And the retired chief engineer of a starship. As I recall, he and Geordie were having a lot of fun talking about warp engines.

I had the great privilege of meeting Theodore Bikel in summer of 1962. He sang a concert to a capacity audience (3,100) in the brand new Seattle Center Opera House during the Seattle World's Fair. A most enjoyable and entertaining concert. Just he and his guitar. Like his records, particular his live concert record, "Bravo Bikel," he sang songs in many languages, often humorously introduced, and with brief sub-titles when needed. He mentioned that it was nice to be out doing concerts again, having recently escaped from a long run of nightly performances of "The Sound of Music," as he put it, "surrounded by twenty nuns and seven children."

He described how he decided to take up the guitar.
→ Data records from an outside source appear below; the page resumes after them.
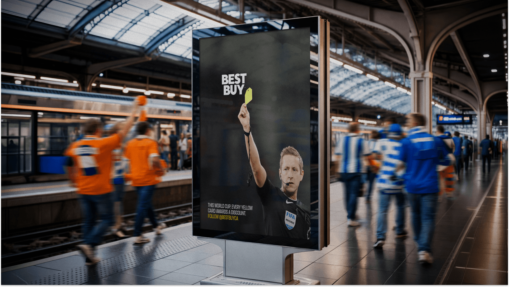Best Buy turns every World Cup yellow card into an instant social coupon, transforming one of football’s most emotional moments into a trigger for tech deals and making the brand culturally relevant again.
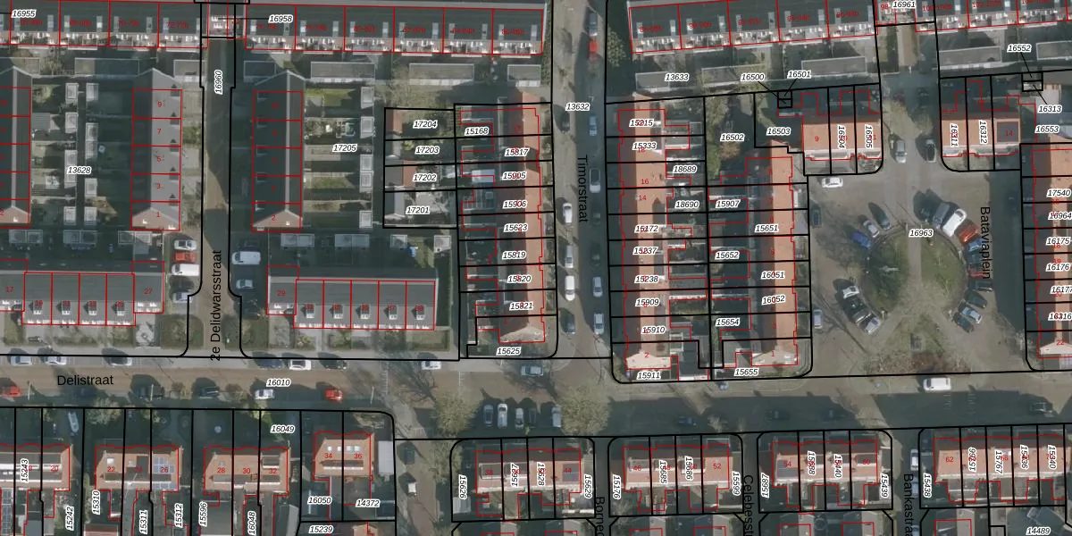 Het perceel waarop Timorstraat 5 staat heeft een oppervlakte van 87 m². Dit is een klein perceel. De perceeloppervlakte wordt geregistreerd door het Kadaster. Gedetailleerde informatie over de maten van dit perceel kunt u vinden in het rapport Kadastrale kaart met maatvoering van Timorstraat 5.
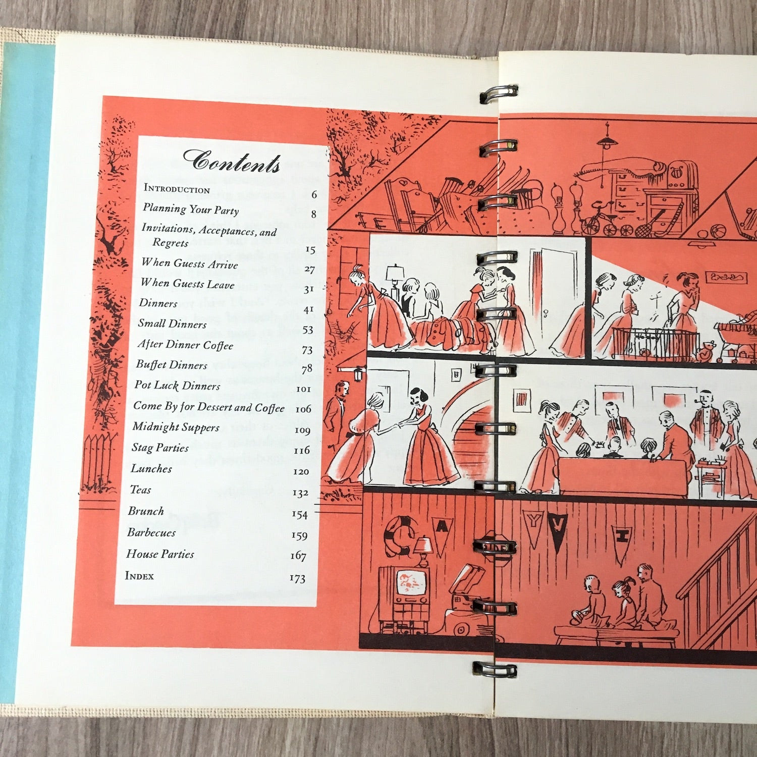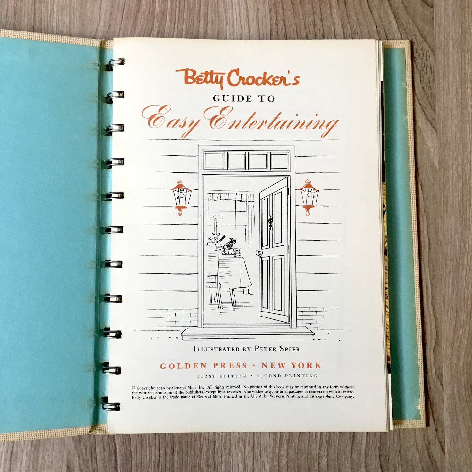 "Betty Crocker's Guide to Easy Entertaining," illustrated by Peter Spier*. Copyright 1959 General Mills; first edition, second printing. Hardcover with spiral binding inside. 176 pages.

At one time, he had a roommate who played the guitar. When the roommate went away, he left no forwarding address?but he did leave his guitar. "That's worse than leaving a woman behind," Bikel said. "A woman can follow. But a guitar can't. So I kept it!"

I got the word that for a couple of hours the following day he would be at Campus Music and Gallery, a record store in the University District (my stomping ground), to autograph record albums. Nancy Quensé and I both arrived before 2:00 p.m., the appointed time, along with a couple of other people, and there was Bikel, sitting in front of the counter by a big stack of his records waiting to start autographing them.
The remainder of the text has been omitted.